Near the gallery entrance, there is also a sculpture incorporating a metal platform and a wedge of congealed petroleum jelly, the remains of Drawing Restraint 13: The Instrument of Surrender, a filmed performance executed behind closed doors on Sunday, Apr. 2, during which Barney emerged from a crate atop the platform dressed as General Douglas MacArthur, fell into the jelly and then proceeded to sign several of his works with the aid of two actors (the film of DR13 will be released at the upcoming "Drawing Restraint" overview at the San Francisco Museum of Modern Art; DRs 10-12 were similar promotional events, executed on the occasion of the film’s recent debuts in Japan and Seoul).
The pieces in the Gladstone show that most encapsulate the spirit of the film, however, are the small, graphite sketches and diagrams, mounted in shaped white plastic frames in a side gallery. Some are pseudo-scientific or architectural notes, capturing the conceptual scaffolding that overdetermines and justifies the Barney cosmology. Others feature images like a whale-man with a giant erection, penetrating a spread-eagled human woman, capturing the hammy vibe.
How best to appreciate all this?

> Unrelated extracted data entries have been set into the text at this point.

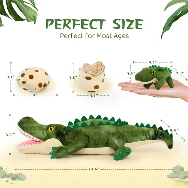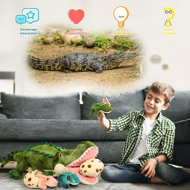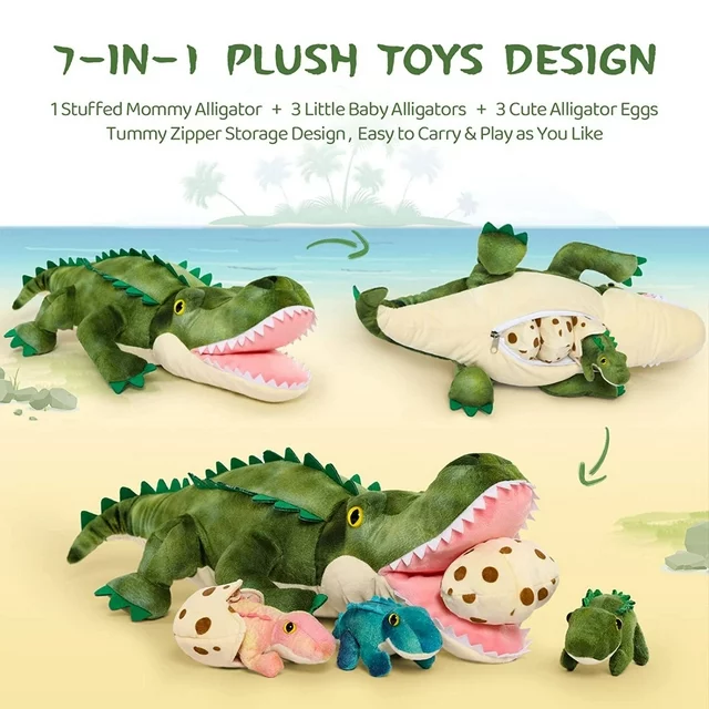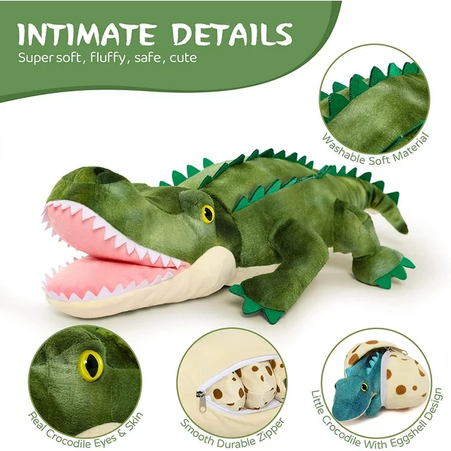 • [PERFECT PARTNER] How fun to help the 23.6''mommy large alligator hatch its 4'' baby crocodile eggs and get about 5'' mini crocodiles! These plush crocodile toys with cute faces, perfect size and belly zipper storage design are amazing! Perfect for all ages to play and carry around. Never worry about getting dirty. Hand or machine washable! Be assured to play, cuddle and sleep with your big alligator and mini alligator toys as you like
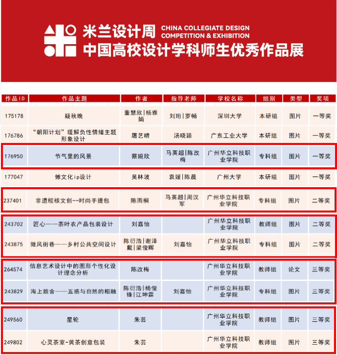 近日,由中國(guó)高等教育學(xué)會(huì)、中國(guó)教育國(guó)際交流協(xié)會(huì)主辦的“第八屆米蘭設(shè)計(jì)周-中國(guó)高校設(shè)計(jì)學(xué)科師生優(yōu)秀作品展”廣東賽區(qū)評(píng)選圓滿落幕。我校藝術(shù)與傳媒學(xué)院師生榮獲一等獎(jiǎng)1項(xiàng),二等獎(jiǎng)3項(xiàng),三等獎(jiǎng)4項(xiàng),(一、二等獎(jiǎng)作品晉級(jí)國(guó)賽)。
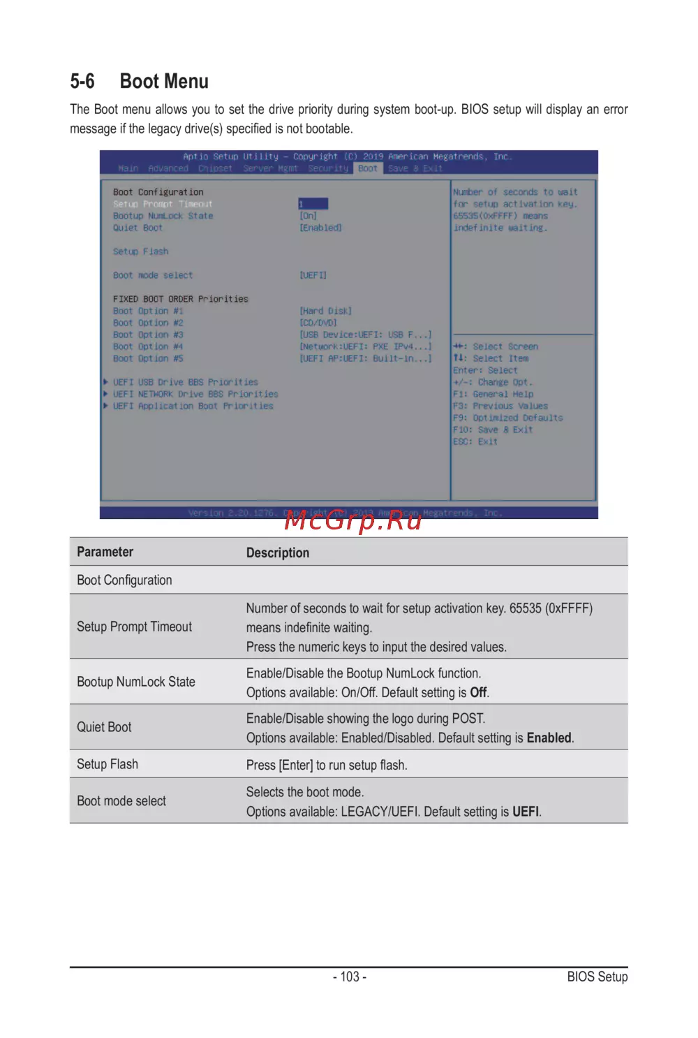 Gigabyte H261-NO0 (rev. 100) — настройка BIOS: Параметры загрузки и конфигурации системы [103/113]
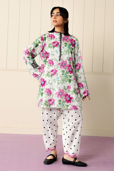 A classic floral-printed cambric kurta brought to life with delicate embroidery on the sleeves, paired with a playful polka-dot shalwar featuring subtle embroidery along the hem. Vibrant yet effortless, this look captures a joyful, contemporary spirit while staying rooted in comfort and everyday charm.
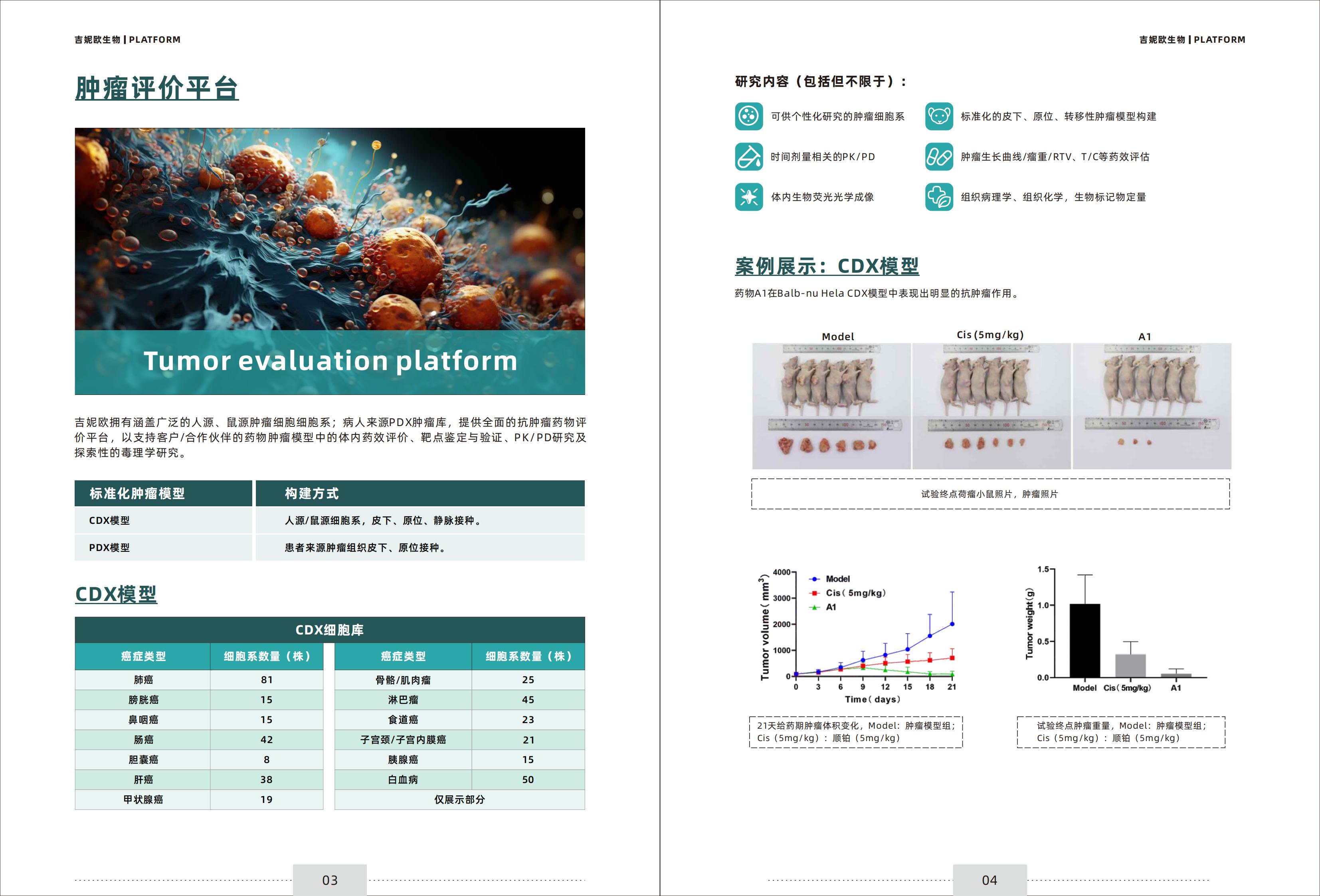 广州吉妮欧生物科技有限公司 吉妮欧生物拥有2000余平的研发服务平台,包含GMP标准的1000+细胞库资源和近万种通路机制的靶点资源,同时具备ABSL-2 、BSL-2备案的生物安全二级实验室(P2), 专业高效的SPF级药效研究平台,可实施大、小动物(鼠、猴等)研究,同时可提供70+不同临床表型和适应症需求的动物疾病模型,以及302+CDX/PDX模型。 围绕着新靶点、新机制的创新药研发需求,吉妮欧始终专注于行业缺乏好用疾病模型的痛点,为用户提供定制化的,符合临床表型和发病机制的疾病模型与药效整体解决方案,助力药企及科研单位提供一站式服务。
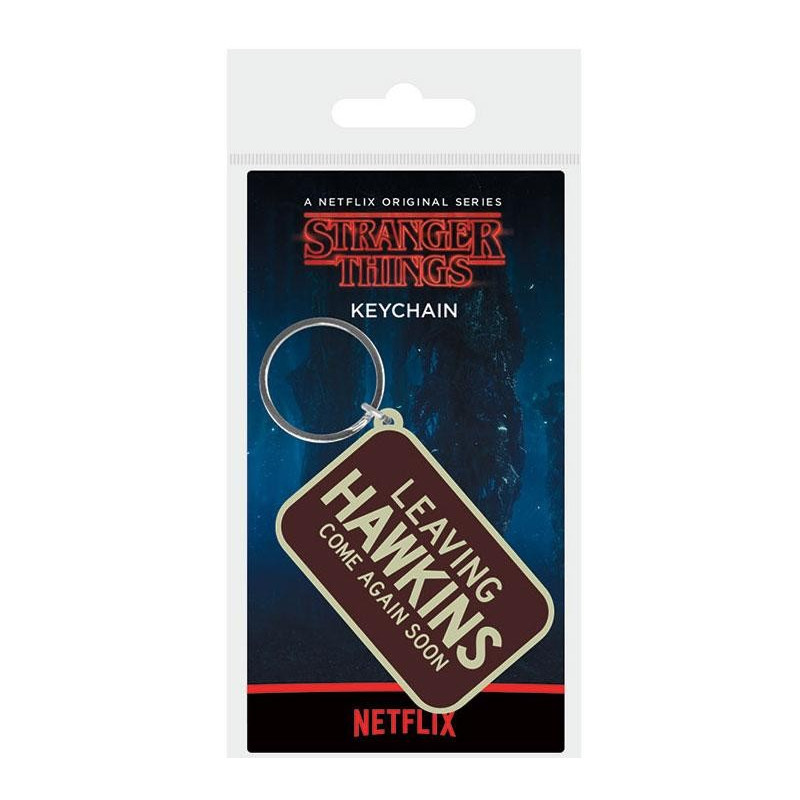 Es un llavero fabricado en caucho de alta calidad, lo que le confiere un tacto de goma realmente agradable además de que se consigue un tamaño razonable y cómodo de llevar en el bolsillo por que pesa poquísimo. Y no te pierdas su diseño, que representa ese cartel en la carretera que ves al dejar atrás Hawkings, el pueblo en el que suceden las historias de Stranger Things. Mide aproximadamente 4,5 x 6 cm y sorprende por la calidad de su anilla de la que fácilmente se sacan o meten las llaves y que te permitirá colgarlo sin problemas de bolsos o mochilas.
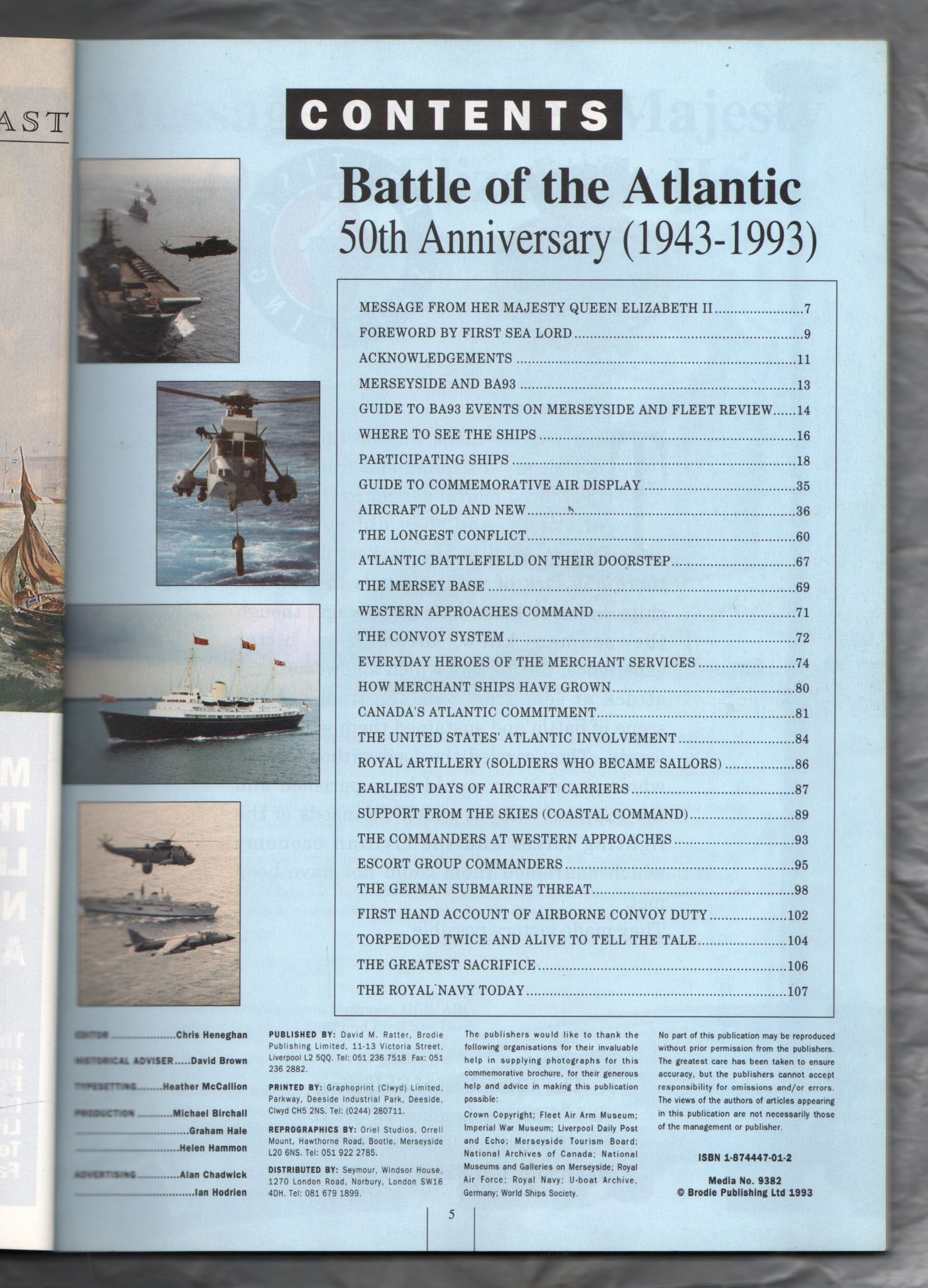 `50th Anniversary - Battle of the ATLANTIC` - Official Souvenir Brochure and Programme of Events - 1993 - Brodie Publishing Ltd `50th Anniversary - Battle of the ATLANTIC` - Official Souvenir Brochure and Programme of Events - 1993 - Brodie Publishing Ltd `50th Anniversary - Battle of the ATLANTIC` - Official Souvenir Brochure and Programme of Events - 1993 - Brodie Publishing Ltd
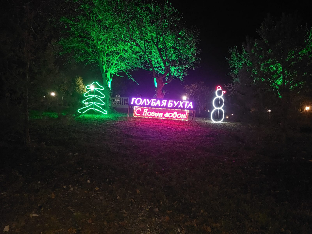 Уже сейчас, гуляя по территории санатория «Голубая бухта», можно насладиться сказочной атмосферой и внести яркие моменты в повседневную жизнь. Остановиться, полюбоваться, а также сфотографироваться с новыми световыми конструкциями снеговика и сказочных оленей. Иллюминация и игра огней на территории санатория дарят ощущение магии праздника и торжества.
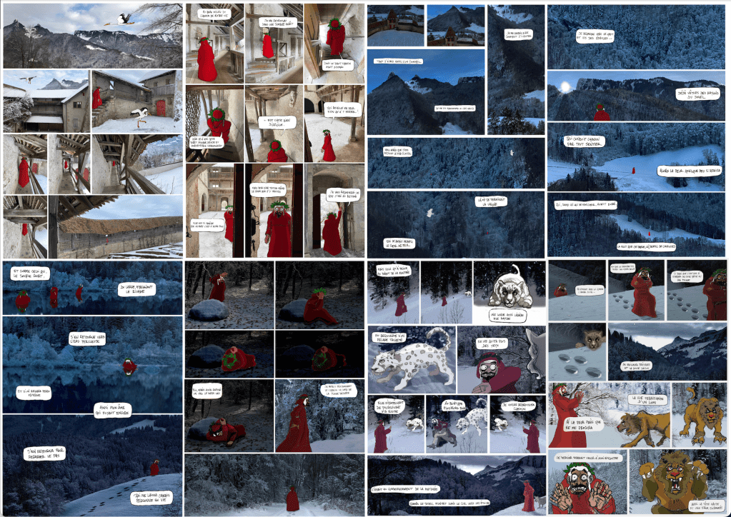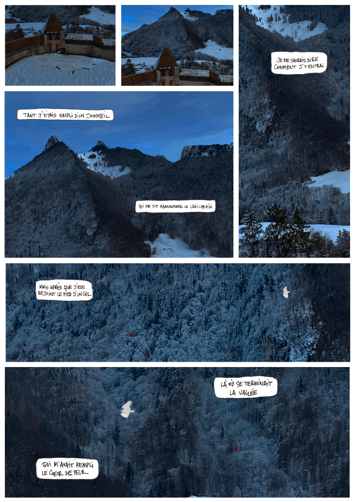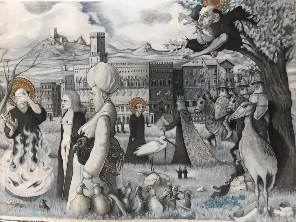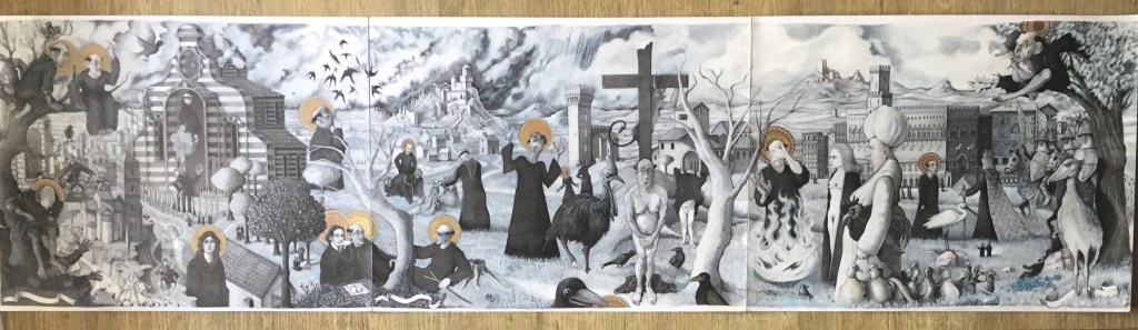 « Ce dessin d’illustration (ci-dessus) tend à organiser les récits fabuleux des petites fleurs de Saint François d’Assise dans un espace-temps propre aux Thébaïdes de Fra Angelico. Le dessin fait en outre référence au déjeuner sur l’herbe de Manet et aux oiseaux d’Hitchcock / This illustration drawing (above) tends to organize the fabulous stories of the small flowers of Saint Francis of Assisi in a space-time in the manner of Thebaids by Fra Angelico, by enriching it with a reflection by referring to the lunch on the grass of Manet and the birds of Hitchcock. »
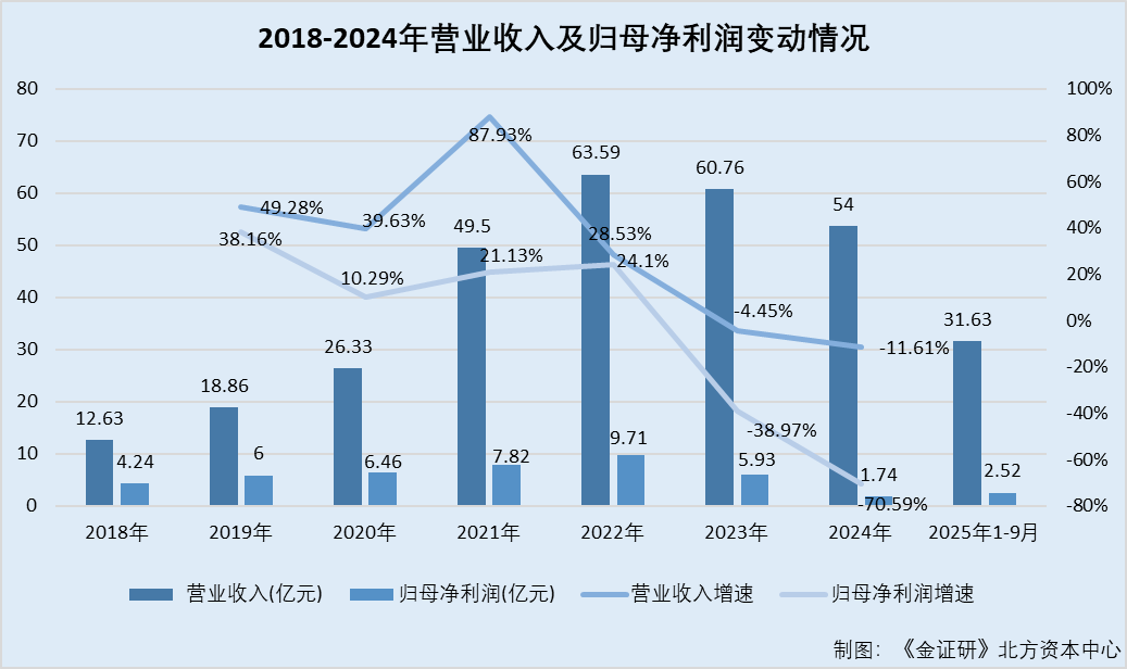 据华熙生物2019-2024年年报及2025年三季报,2018-2024年,华熙生物营业收入分别为12.63亿元、18.86亿元、26.33亿元、49.48亿元、63.59亿元、60.76亿元、53.71亿元,归母净利润分别为4.24亿元、5.86亿元、6.46亿元、7.82亿元、9.71亿元、5.93亿元、1.74亿元。

In the aptly titled Matthew Barney: No Restraint, Alison Chernick’s behind-the-scenes chronicle of the creation of Drawing Restraint 9, we hear New Museum curator Richard Flood testify about the discrimination that Barney had to face as a good-looking man in the art world: "The fact that he was a model was being used against him," he intones solemnly, an implicit rebuttal of all who would challenge the importance of the work. This statement teaches one lesson relevant to present considerations: Total conviction is a prerequisite for unintentional comedy.
Following the film’s luxurious theatrics, the gallery exhibition can’t help but come off as a bit of a letdown -- it’s basically a collection of props, depending for their meaning on the movie. But I think this is the right idea. Hopefully, DR9 can be reborn as a Rocky Horror Picture Show-style interactive camp spectacle, with audience members shaking plastic harpoons and flinging shrimp and petroleum jelly at the screen.
Drawing Restraint 9 may be, as many are saying, a tale told by an idiot, full of sound and fury, signifying nothing. But then, as the man says, that’s life. I say, enjoy.
BEN DAVIS is associate editor of Artnet Magazine.